───── Data for processing ─────

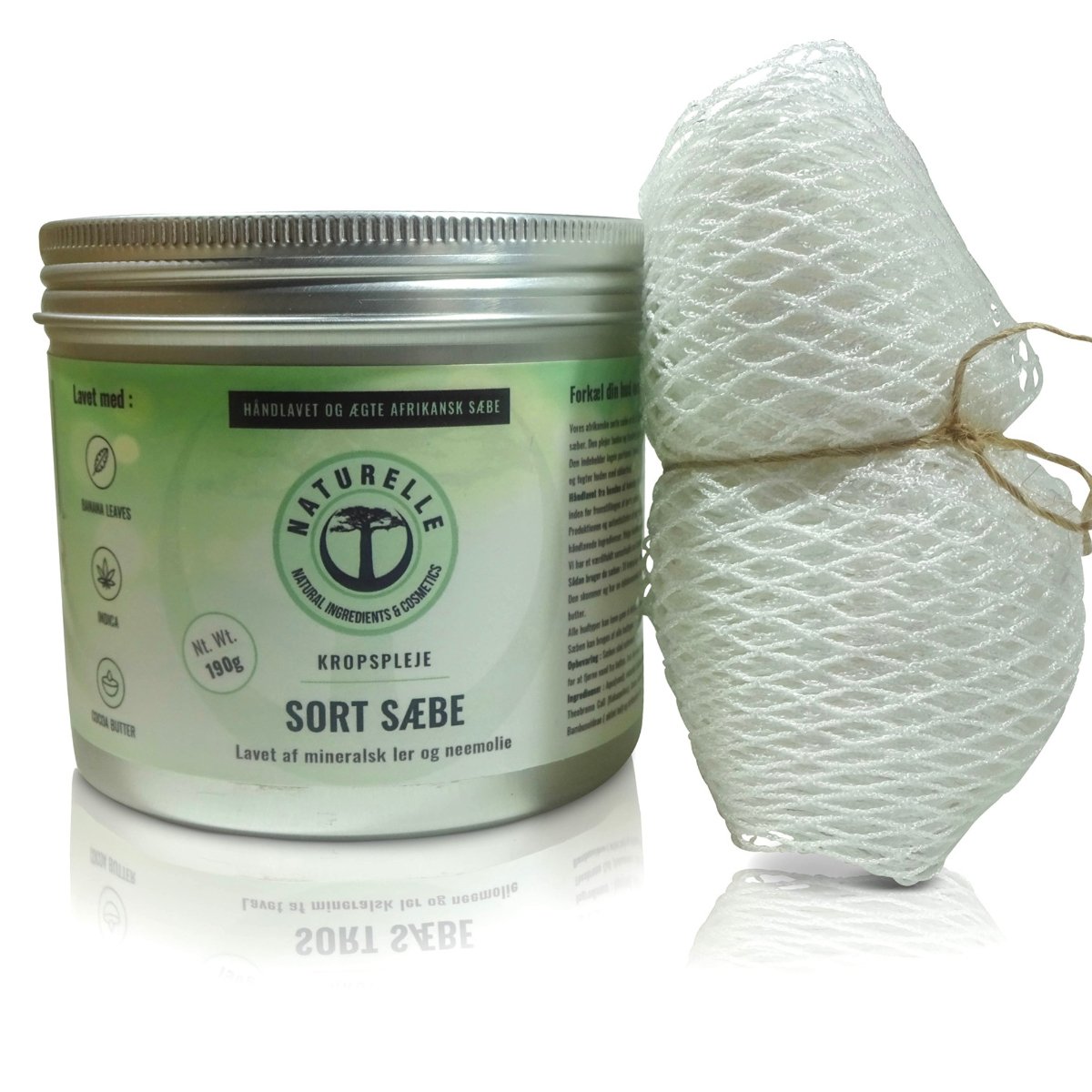 Opnå flot og stram hud med vores sort sæbe til kropspleje. Sæben er egnet til alle uanset alder. Sort sæbe bliver brugt til at vaske spædbørn, da det er den mildeste og mest næringsfulde sæbe som findes. Den er fyldt med gode planteolier & urter som plejer huden.
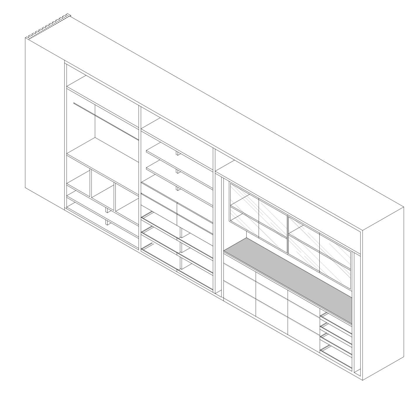 multifunctional furniture where the right module is the bar consisting of drawers with a gap functioning as a handle upper cabinets with 4 doors featuring very thin black aluminum perimeter profiles with smoked glass in the center inside hanging glasses cups and liquor bottles can be seen the countertop is matte black on the shelves next to the drawers snack jars or bags will be visible the center module is for storing dishes bowls cutlery and other kitchen and dining accessories the drawers also have a gap functioning as a handle the left module is the guest closet so the thin upper rod will show hanging clothes the lower cubes for storing bags and the bottom ones for shoes the entire furniture will be in a dark anthracite gray realistic render
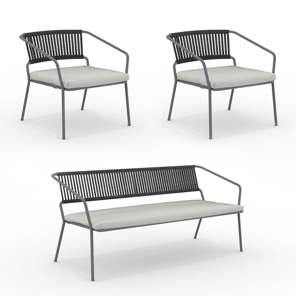 Garten-Lounge-Set bestehend aus 2 Sesseln und 1 2-Sitzer-Sofa Made in Italy
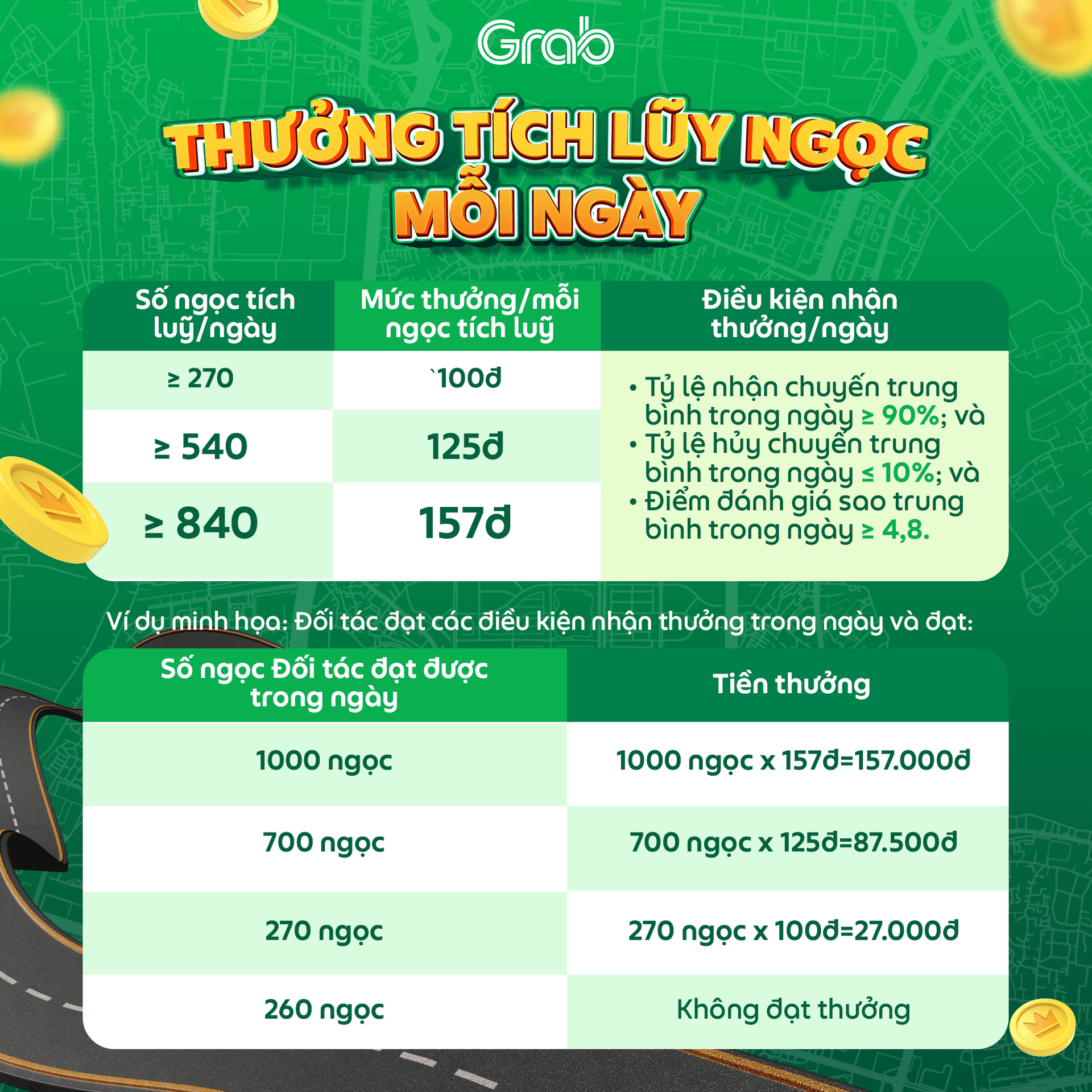 Điều kiện nhận thưởng của chương trình có thể thay đổi tùy theo quyết định của Grab vào từng thời điểm cụ thể và sẽ được thông báo đến Đối tác trước khi áp dụng.
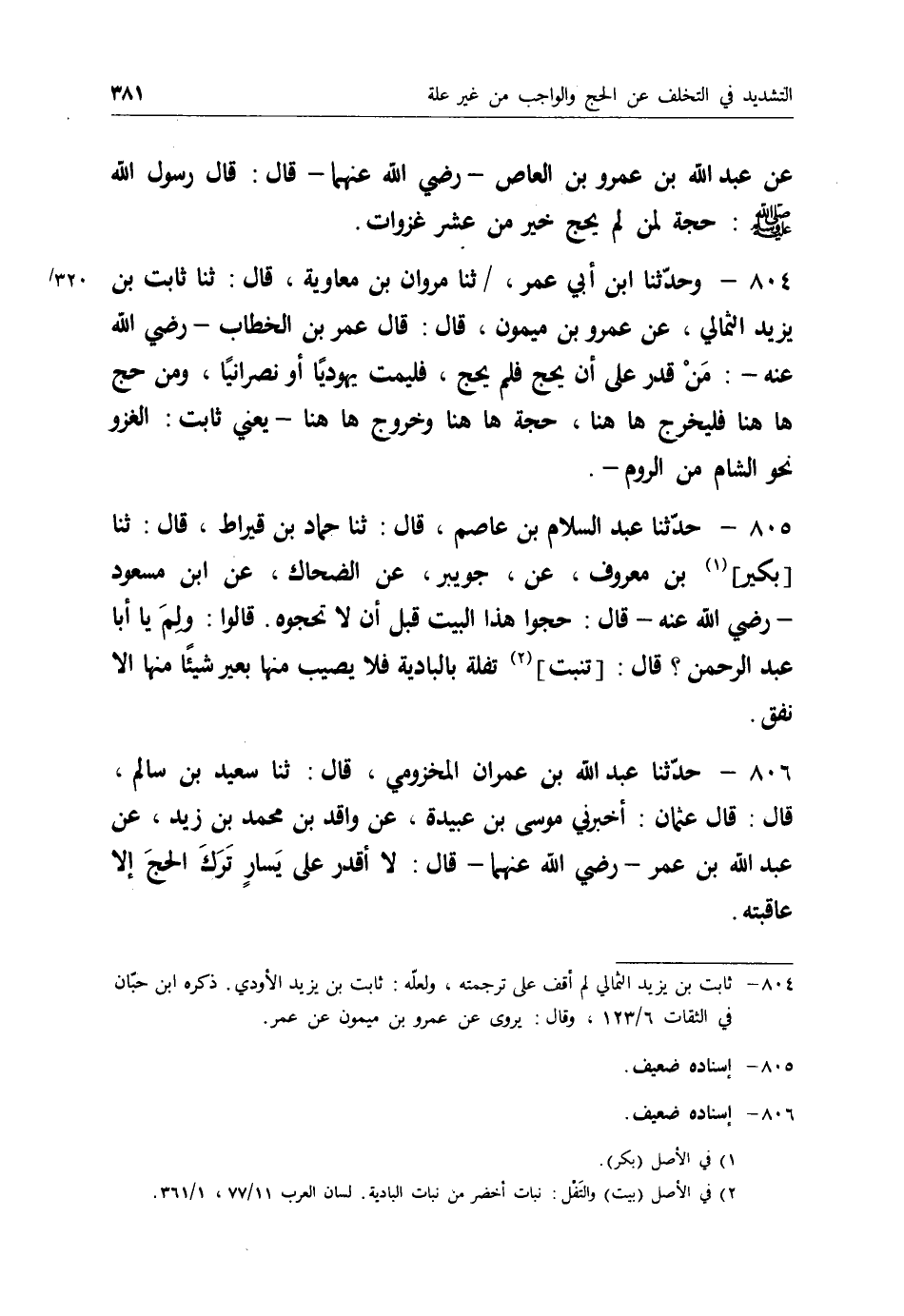 806 - حَدَّثَنَا عَبْدُ اللهِ بْنُ عِمْرَانَ الْمَخْزُومِيُّ قَالَ: ثنا سَعِيدُ بْنُ سَالِمٍ قَالَ: قَالَ عُثْمَانُ: أَخْبَرَنِي مُوسَى بْنُ عُبَيْدَةَ، عَنْ وَاقِدِ بْنِ مُحَمَّدِ بْنِ زَيْدٍ، عَنْ عَبْدِ اللهِ بْنِ عُمَرَ رَضِيَ اللهُ عَنْهُمَا قَالَ: " §لَا أَقْدِرُ عَلَى يَسَارٍ تَرَكَ الْحَجَّ إِلَّا عَاقَبْتُهُ "
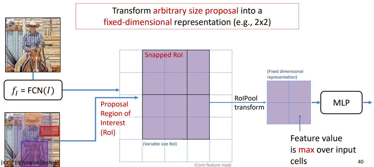 - Projection 된 RoI에 대하여 RoI Pooling 과정을 거치게 한 후, 고정크기의 feature vector를 얻는다. (이 featur vector를 FC Layer에 통과시켜 두 개의 Brunch의 입력이 된다.)
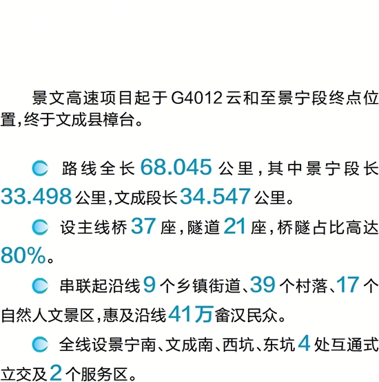 景文高速项目起于G4012云和至景宁段终点位置,终于文成县樟台。

─────

Activity. The copy should hold only the lines from the one with "Điều kiện nhận" through the one with "806 - حَدَّثَنَا", exactly as they stand above. Leave out the pictures.

Exercise response.
 Điều kiện nhận thưởng của chương trình có thể thay đổi tùy theo quyết định của Grab vào từng thời điểm cụ thể và sẽ được thông báo đến Đối tác trước khi áp dụng.
 806 - حَدَّثَنَا عَبْدُ اللهِ بْنُ عِمْرَانَ الْمَخْزُومِيُّ قَالَ: ثنا سَعِيدُ بْنُ سَالِمٍ قَالَ: قَالَ عُثْمَانُ: أَخْبَرَنِي مُوسَى بْنُ عُبَيْدَةَ، عَنْ وَاقِدِ بْنِ مُحَمَّدِ بْنِ زَيْدٍ، عَنْ عَبْدِ اللهِ بْنِ عُمَرَ رَضِيَ اللهُ عَنْهُمَا قَالَ: " §لَا أَقْدِرُ عَلَى يَسَارٍ تَرَكَ الْحَجَّ إِلَّا عَاقَبْتُهُ "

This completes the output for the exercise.